Nowadays we spend more and more time in the digital world. In fact, our actual world is slowly turning into digital which brings a lot of positive changes to our daily life. However, there is still a stigma connected with video games. It is driven by the fear of a negative impact on the lives of both children and adults, and it does not matter if we are talking about violent scenarios or not.
Think about it: any anti-social actions of people who often play video games or even simply like them will most likely be justified by the industry.
From the other side, if we look back, our fear seems to be natural and does not look like something we have not seen before. Similar concerns were actual when rock music appeared or when the world was introduced to comic books. People are generally careful and in most cases defensive when they see some new tendency, especially among younger people.
Of course, some games, some music, and some books are not meant for all age groups, which leads us to an eternal question: Isn’t it important to have a balanced approach in every sphere?
To begin with, there are numerous proven benefits to playing video games regardless of their content.
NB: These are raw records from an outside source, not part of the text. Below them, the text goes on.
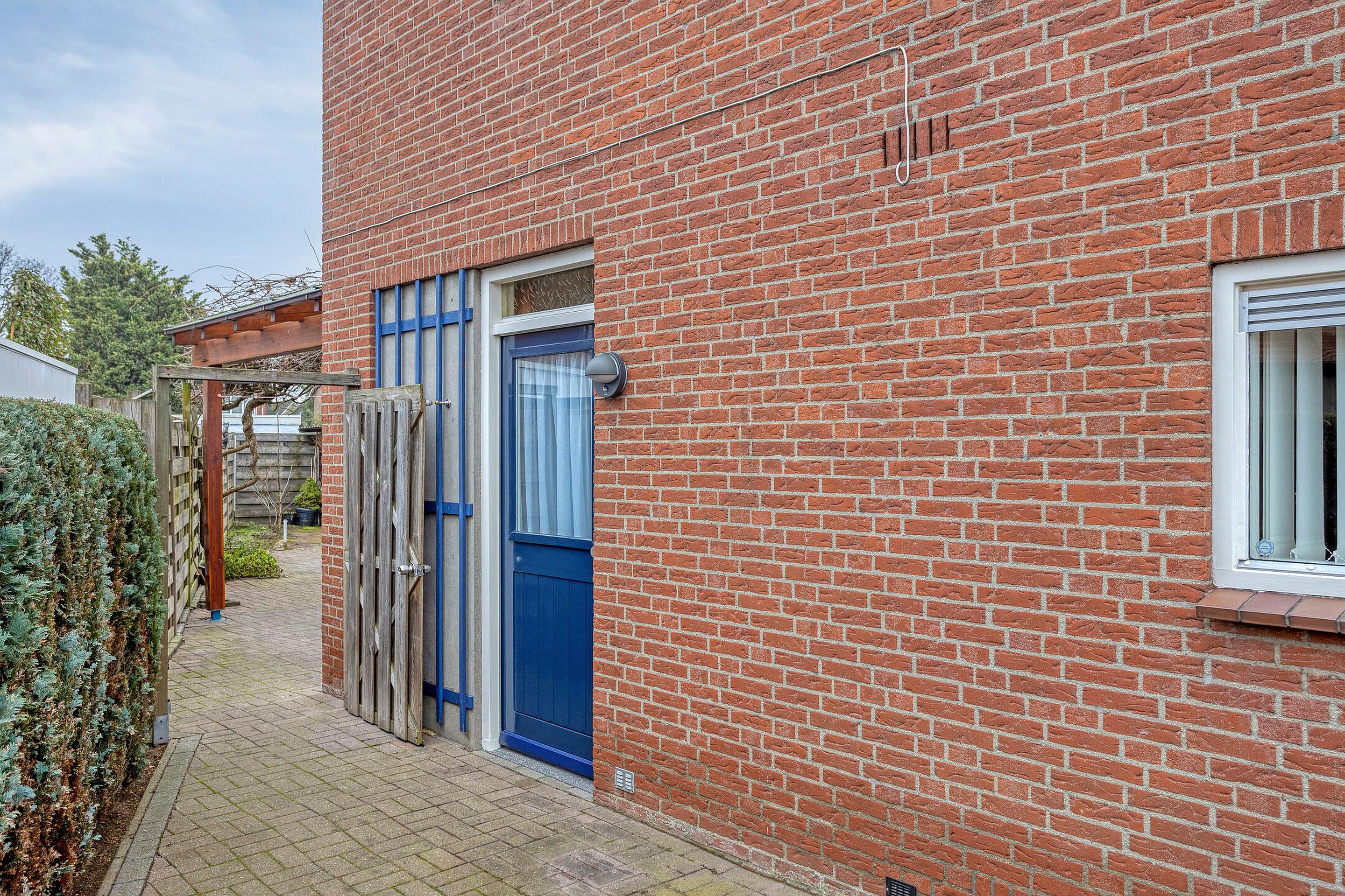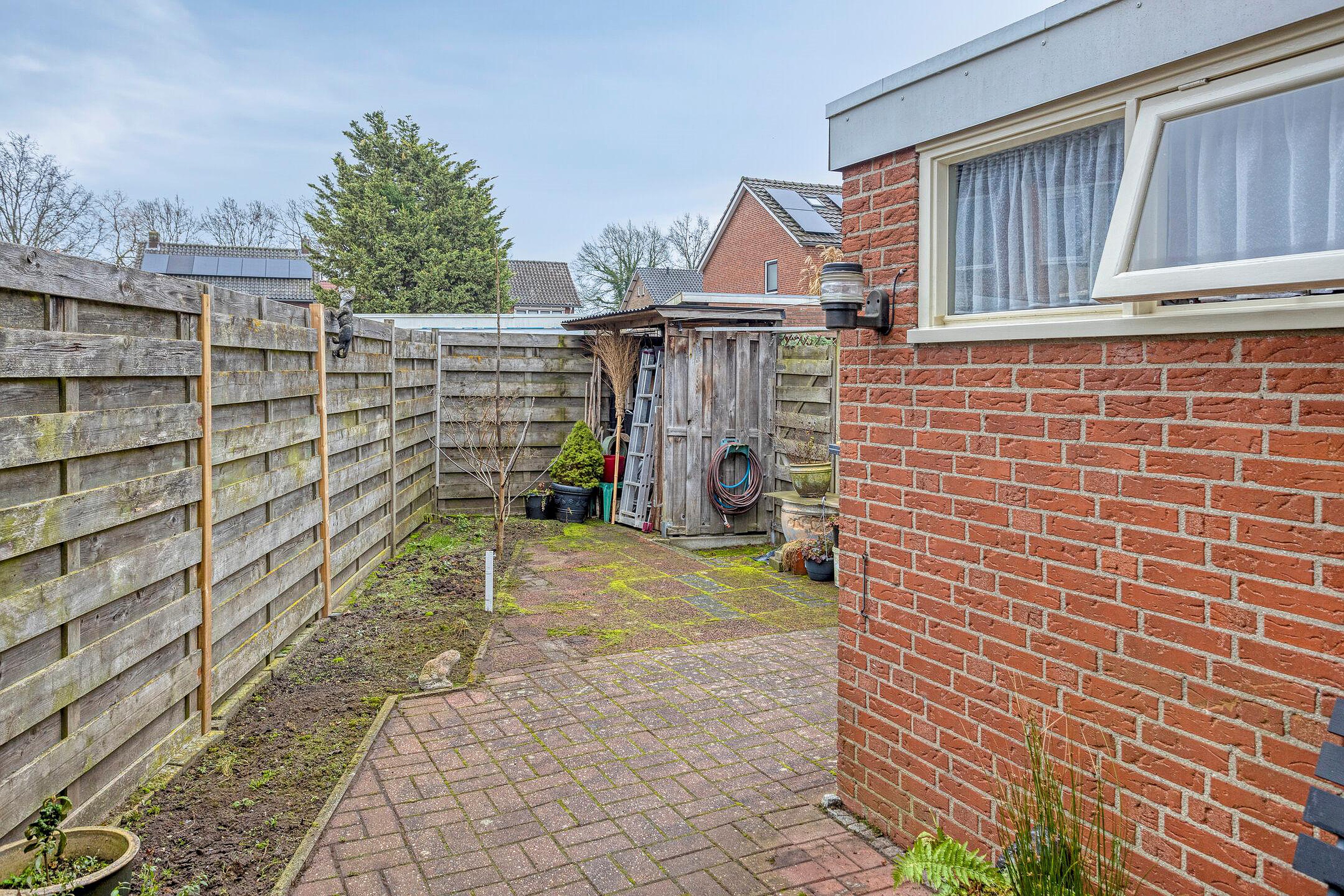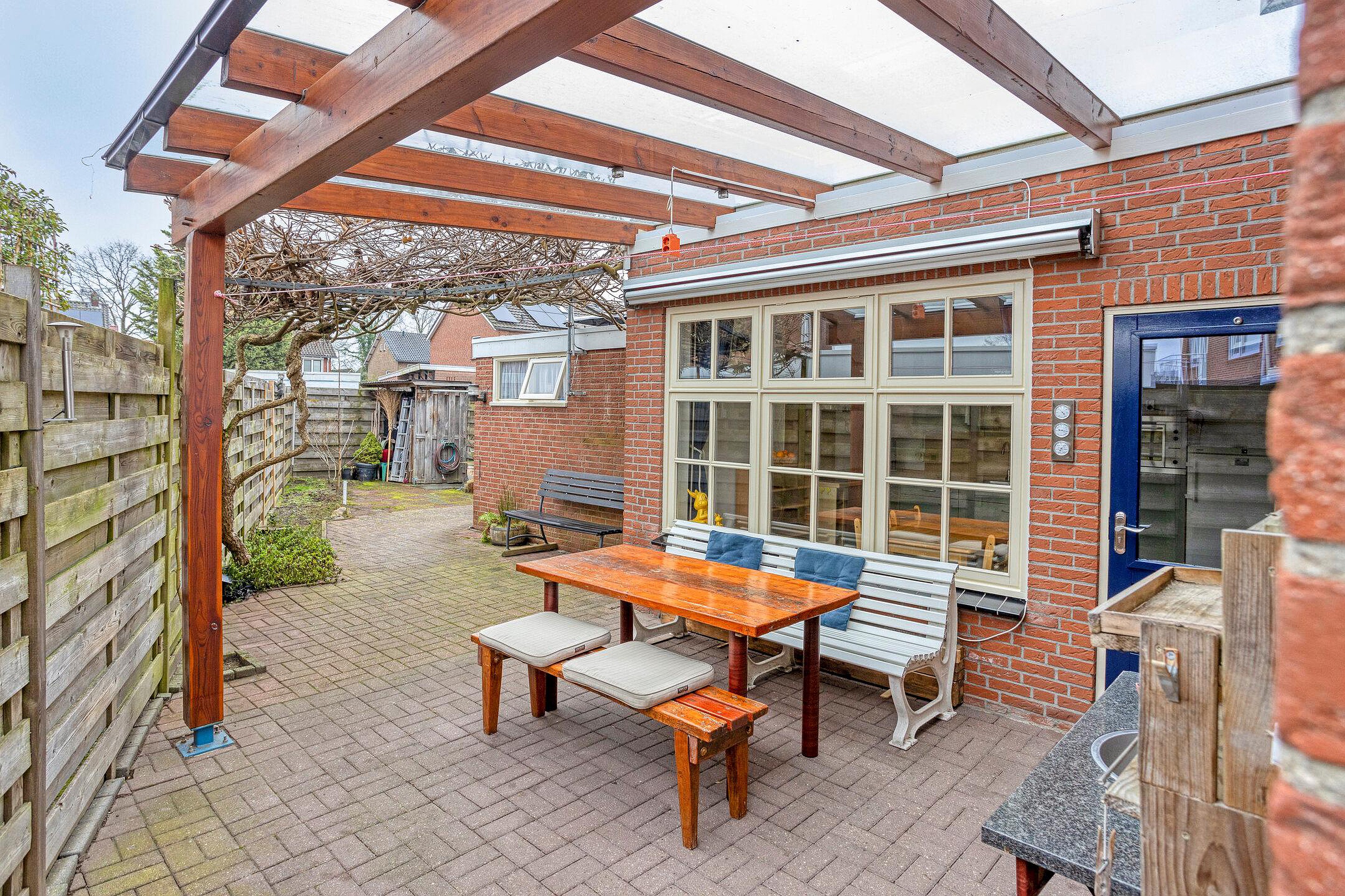 Vanuit de keuken als ook per achterom via de oprit is de tuin te bereiken. De tuin is gelegen op het oosten en biedt volop privacy mede door de hoekligging. De overkapping grenst aan de keuken en is een heerlijke plek om te genieten van het buiten zijn! De aangebouwde stenen berging is ideaal voor het stallen van de fietsen en het opbergen van diversen.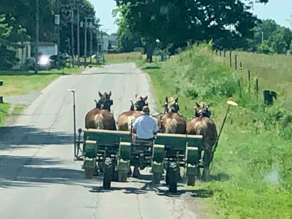 Venturing beyond the town limits, we embarked on a scenic drive through the countryside, where sprawling farmlands and rolling hills stretched as far as the eye could see. It was here that we saw first-hand the essence of Amish life. We encountered countless families traveling the backcountry roads in their horse-drawn buggies. We passed fields being tilled with plows pulled by a team of horses and gardens tended by women and barefoot children.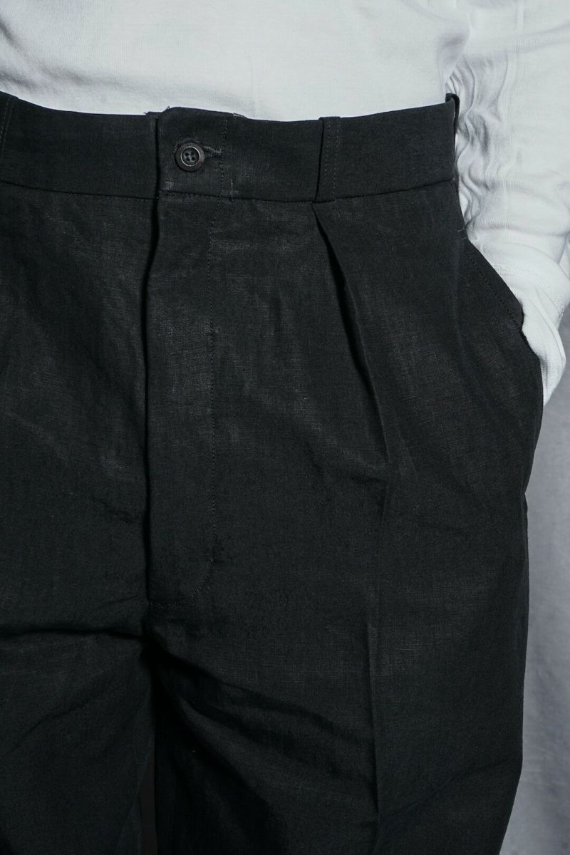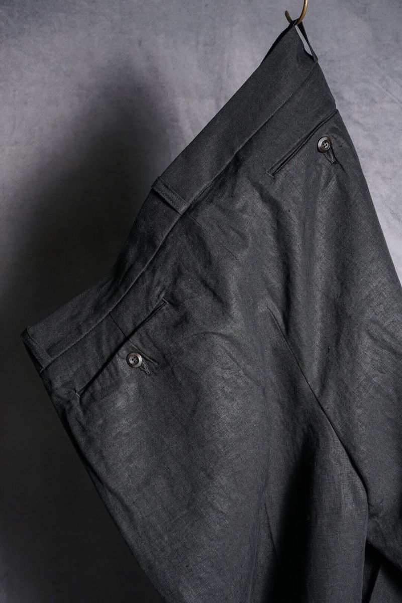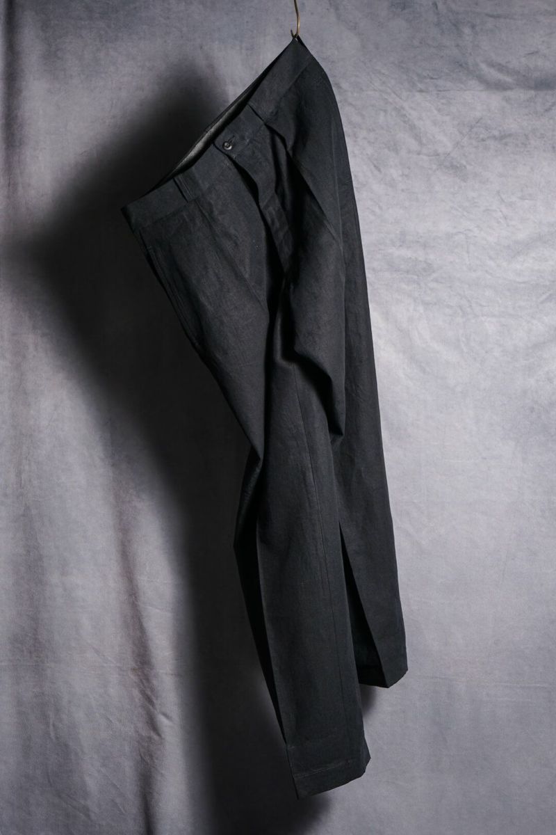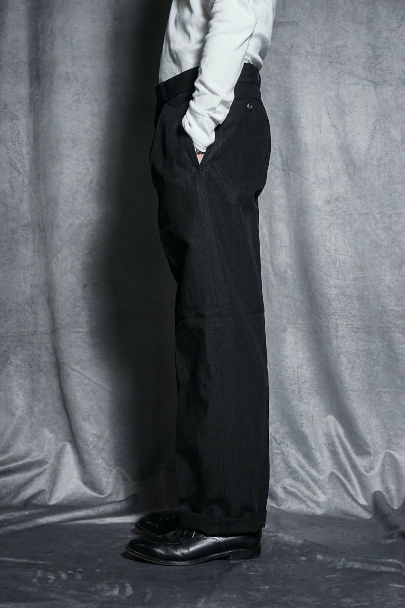 1915年にフランス軍へ支給されていたミリタリートラウザーズのフィット感、ディテールを参考に製作したトラウザーズ。ゆとりのあるフィット感でありながら、ハリ感のある生地と相まって綺麗なシルエットを描く一本です。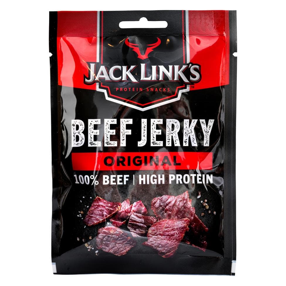 Jack Link\u2019s Meat Snacks Beef Jerky in the original flavour offers a savoury and satisfying snacking experience. Made from select rump beef, cut into thin strips and seasoned with a special family recipe using carefully selected ingredients, this jerky is slow-cooked to perfection. The thin beef strips are dried and smoked slowly in hot air, following the traditional method. The result is a tender, flavourful snack that provides a convenient and delicious option for any time of day. Enjoy the bold taste of premium beef with every bite of this classic jerky snack.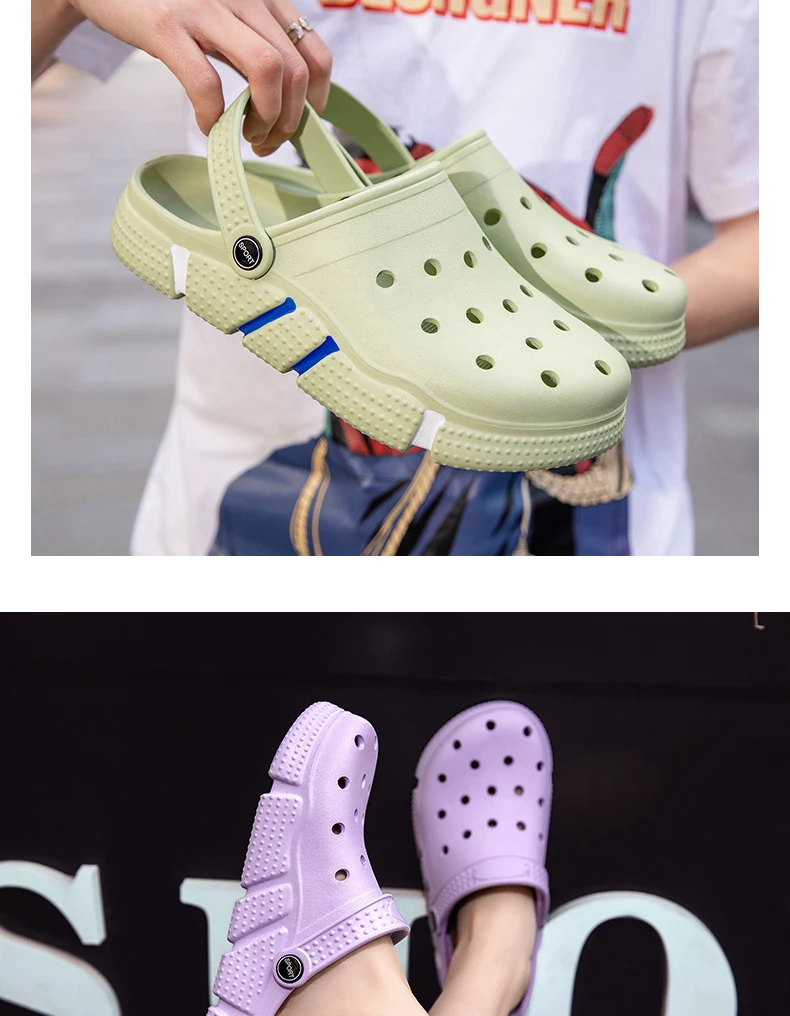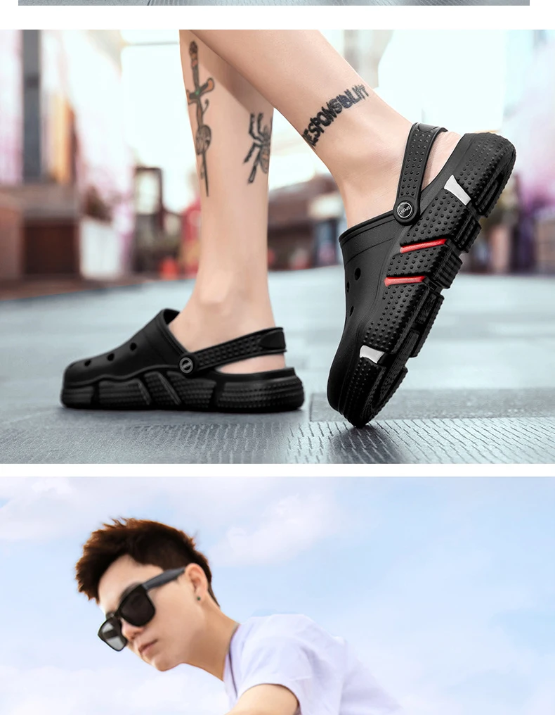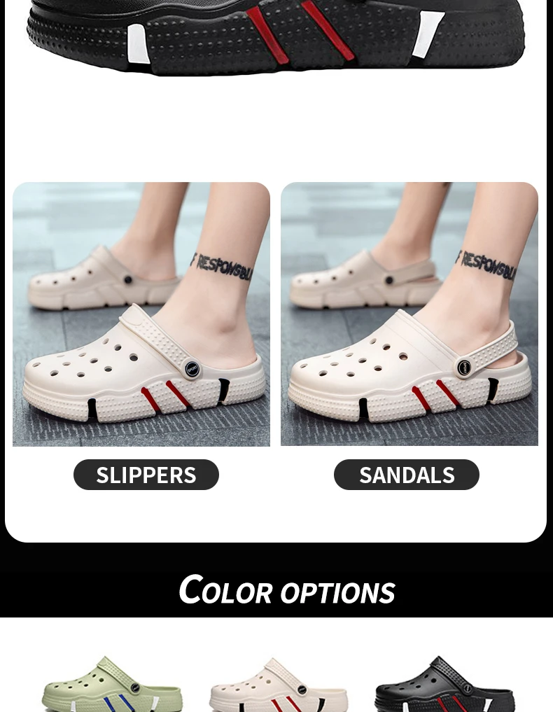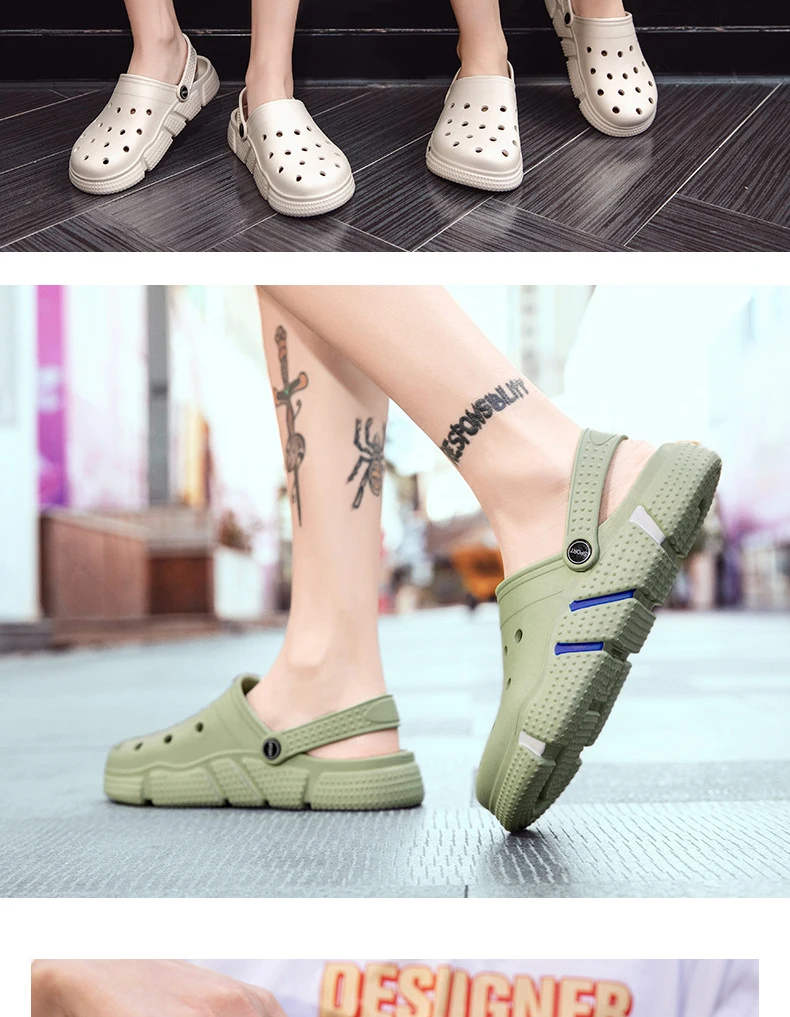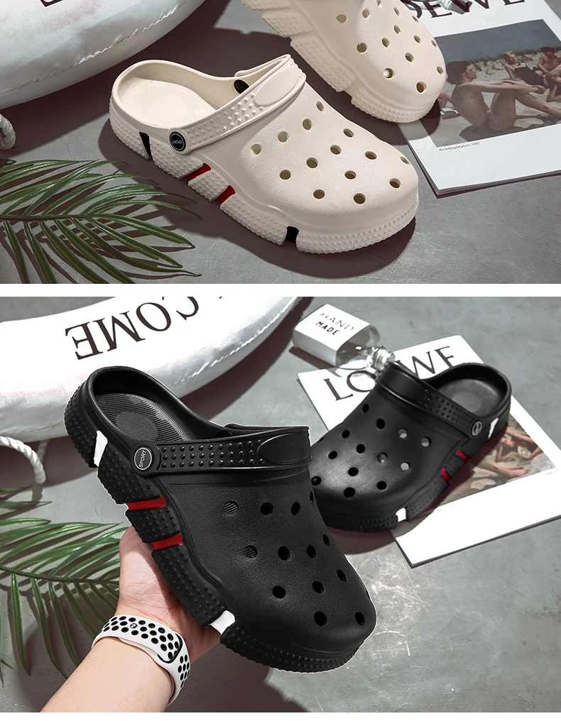 Large Size Slides Men’s Trendy Garden Shoes Eva Soft Sole Hollow Baotou Flip-flops Sandals for Men’s Leisure Beach Slippers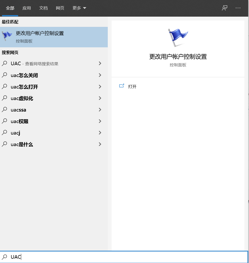 1.在系统搜索框内搜索 UAC,找到后点击打开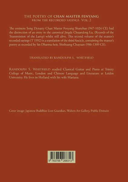 The eminent Song Dynasty Chan Master Fenyang Shanzhao (947-1024 CE) had the distinction of an entry in the canonical Jingde Chuandeng Lu, (Records of the Transmission of the Lamp) whilst still alive. This second volume of the master's recorded sayings (T 1992) is a translation of the third fascicle, containing the master's poetry as recorded by his Dharma-heir, Shishuang Chuyuan (986-1309 CE).

It looks like once a person focuses on a game, their stress level is dropping significantly, their mood improves and the level of confidence is growing.
The latter is connected with the fact that the joy of winning in any sphere inevitably leads to an increase in the feeling of self-worth. Young people and teenagers also enjoy the benefits of playing in a social and communicational sense. This includes both the feeling of relatedness and the need to interact with other people in some of the types.
Moreover, research shows that in a randomized sample of adults diagnosed with clinical depression those who started playing video games reported positive changes and the reduction of stress level, anger, and tension. What is more important is that those results were reflected in their heart rate variability and brain activity.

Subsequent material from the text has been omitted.